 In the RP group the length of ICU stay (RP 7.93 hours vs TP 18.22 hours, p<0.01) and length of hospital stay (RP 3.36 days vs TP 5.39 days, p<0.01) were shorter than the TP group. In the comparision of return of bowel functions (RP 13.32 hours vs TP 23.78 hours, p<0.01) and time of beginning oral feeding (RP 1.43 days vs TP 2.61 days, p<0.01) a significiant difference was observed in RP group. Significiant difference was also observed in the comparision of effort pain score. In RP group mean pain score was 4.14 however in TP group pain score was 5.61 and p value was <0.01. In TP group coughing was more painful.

════════════════

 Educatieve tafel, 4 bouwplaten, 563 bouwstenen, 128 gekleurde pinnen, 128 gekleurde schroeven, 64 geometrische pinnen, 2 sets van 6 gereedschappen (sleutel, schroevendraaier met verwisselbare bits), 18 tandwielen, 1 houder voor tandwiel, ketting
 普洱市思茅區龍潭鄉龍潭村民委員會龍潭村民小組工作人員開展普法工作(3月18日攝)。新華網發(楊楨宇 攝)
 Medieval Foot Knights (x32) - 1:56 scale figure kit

════════════════

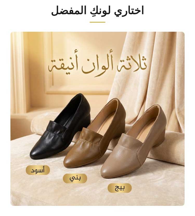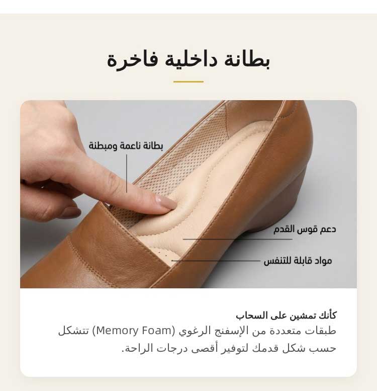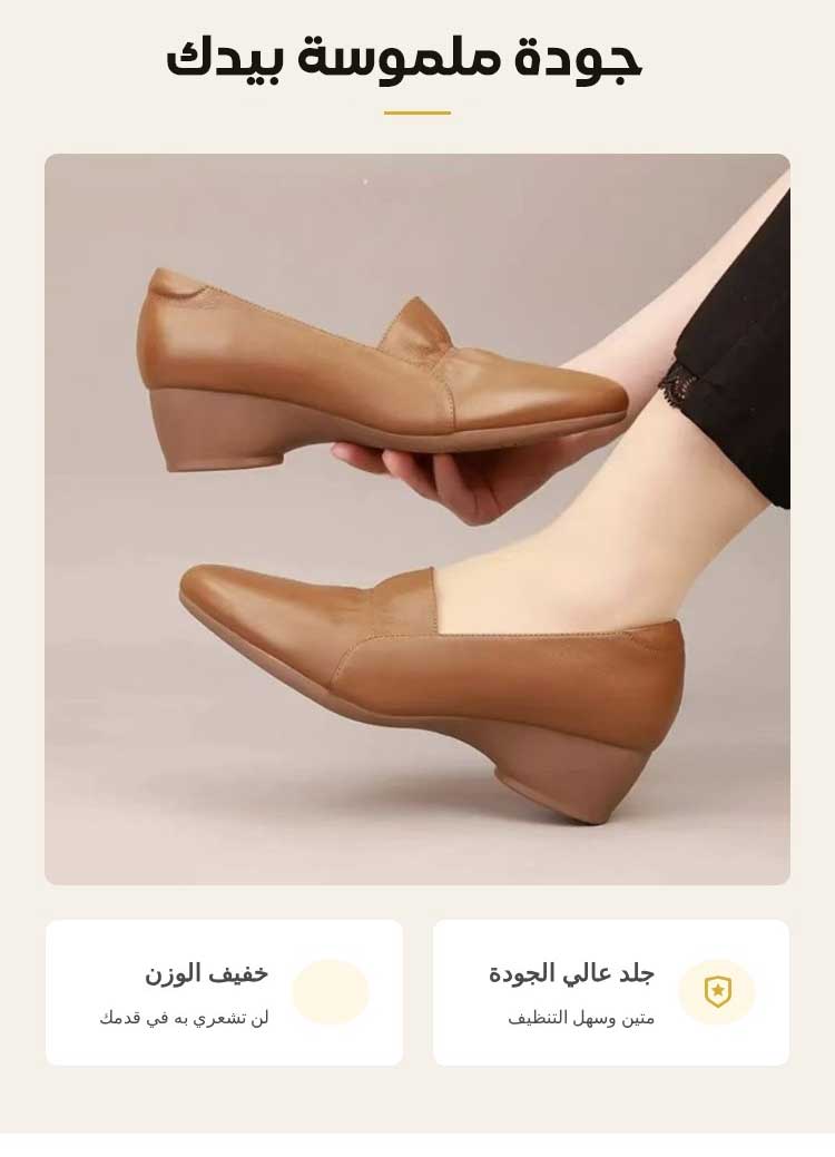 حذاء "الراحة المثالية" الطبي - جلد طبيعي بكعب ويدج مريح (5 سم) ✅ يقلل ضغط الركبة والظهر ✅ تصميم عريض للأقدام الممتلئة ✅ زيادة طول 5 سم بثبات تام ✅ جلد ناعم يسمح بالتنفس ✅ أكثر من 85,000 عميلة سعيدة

════════════════

• _Goal of the exercise_
Please copy the lines in the records above between the one holding "普洱市思茅區龍潭鄉龍潭村民委" and the one holding "Medieval Foot Knights", inclusive, exactly and with no other line.

• _Output of the exercise_
 普洱市思茅區龍潭鄉龍潭村民委員會龍潭村民小組工作人員開展普法工作(3月18日攝)。新華網發(楊楨宇 攝)
 Medieval Foot Knights (x32) - 1:56 scale figure kit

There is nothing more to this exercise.